In this week's vase are :
A prickly stem of dispascus fullonom commonly known as teasel and one of the biggest mistakes of my allotment life. I planted it more for the birds and pollinators than me and have regretted that decision. They self seed profusely and although I always intend to get on top of the problem I have never succeeded. The plants are unbearably uncomfortable to get hold of without gloves and seedlings are difficult to remove. Still I enjoy them in a perverse way. There is something quite splendid about their architecture and the hollows above their leaves which hold pools of water after rain. You can just see the first flush of colour which is creeping into the flowers now.

  • Secondly are the purple flowers of verbena bonariensis - these again have self-seeded over the years but never enough to irritate. Some years plants over winter but when they don't there are invariably replacement seedlings. The mauve scented flowers attract butterflies. 
  • Lastly one of my all time favourite plants - some stems from stipa gigantea also known as the golden oat grass, which garden writer Val Bourne describes so eloquently as "The tall shimmering golden veil of summer, for a hot spot in sun, where it hovers over the garden constantly moving and shining until autumn". It is a real beauty and my plant is looking particularly good this year.
The vase is a favourite stalwart given to me by mum. Unfortunately I don't know anything about its origins and must make a note to ask my sister if she does.

As always a big thank you to our lovely hostess Cathy who blogs at 'Rambling In The Garden' for enabling us to share our vases every Monday. It's a great way to celebrate the start of a new week. 

Monday, 15 June 2020

IAVOM ~ Daisy & Friends

It has been one of those days which have not gone according to plan. The day should have started with a trip to the allotment to plant some more French beans and a couple of summer squashes. However we were foiled in our attempt to enter the site when the key would not open the main gate. Himself deduced that there was something metallic blocking the keyhole. Whether this turns out to be the remnants of a broken off key or the unsuccessful attempts of somebody trying to break in remains to be seen. I was hoping to use one of two allotment wildings in today's vase but have had to pick from the garden where everything is growing more quickly now that we've had some copious amounts of rain at long last. The biggest rainfall came on Saturday night we had the most dramatic thunderstorm accompanied by torrential rain. There are more thunderstorms predicted for the next couple of days but I'm pleased to report that all is quiet at the moment. In today's 'In A Vase On Monday' are :
  • Kalimeris incisa 'Queen Charlotte' also known as the Japanese aster.

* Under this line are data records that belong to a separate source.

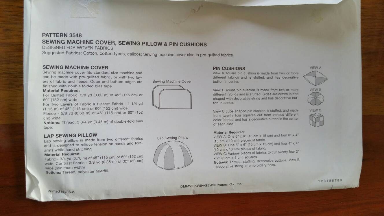 Kwik Sew 3548 Sewing Machine Cover Sewing Pillow And Pin Etsy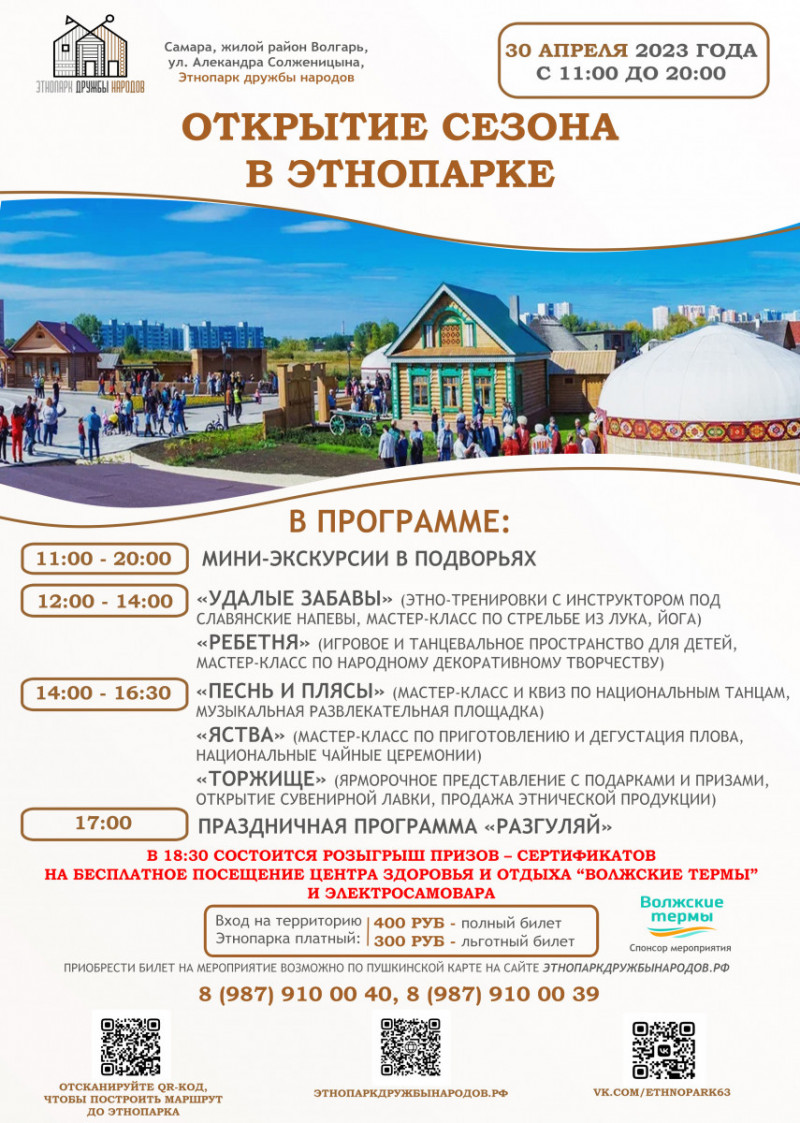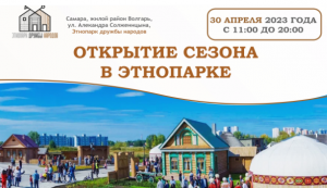 30 апреля 2023 года с 11:00 до 20:00 на территории Этнопарка дружбы народов, находящемся на улице Александра Солженицына в Куйбышевском внутригородском районе Самары, пройдет мероприятие, посвященное открытию весенне-летнего сезона – 2023.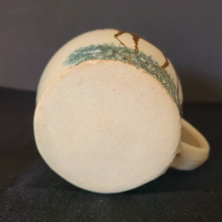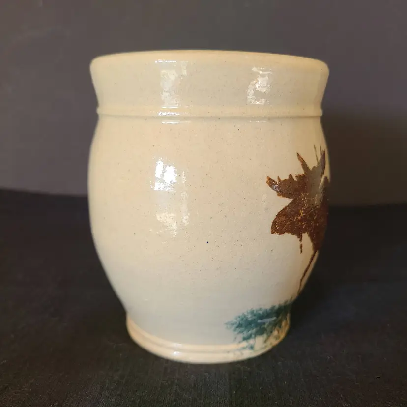 This charming rustic woodland friend is handmade and hand painted. Mr Moosykins is dark brown and he just out chillin' in the wilderness. Approx 4.25" tall and 3.75" in diameter at the belly. Holds 14oz. Looks to have the tiniest flea bit chip on the bottom edge as shown in pic, but it might have just been a bloop in the clay as it was drying. Dunno.

This perennial summer flowering aster came home with me from the Southport Flower Show in August 2014. It is an easy going perennial. I now have two patches although one seems less robust this year. Time to divide again I think. As well as the lilac form there is also a white form which I would like to grow.
  • A couple of heads of foxgloves - these as self seeders originating either from the white or cream forms that were growing last year. 
  • Some stems of astrantia - I don't know which variety this is. It's been in the garden for years and I'm not sure even of where it came from but I love it.
  • More of the orlaya grandiflora which I've grown from seed sowed in September last year. I'm most taken with this. I sowed another small batch at the end of May just as an experiment and these are just beginning to germinate now. 
  • Some of the perennial toadflax or linaria purpurea which seeds about a bit too much although interestingly it's pink sibling 'Canon Went' does not have the same annoying tendency. 
  • Last but not least a spriglet of consolida ajacis' Alba' commonly known as larkspur which was also sown last September. I had hoped to include more than one spriglet today but the inclement too hot/too wet weather had other plans in store for my blooms.
The vase is a the bottom of a tea making receptacle which I bought when we attended the 'Terracotta Army' exhibition at the World Museum in Liverpool in October 2018. I've not used it for tea making - in fact I don't drink tea but the table where the vase is photographed is where we often sit for liquid refreshments when the weather is good. We seem to have sat out there a lot this year down to a combination of the weather being so good and also of course because we have been at home so much of the time.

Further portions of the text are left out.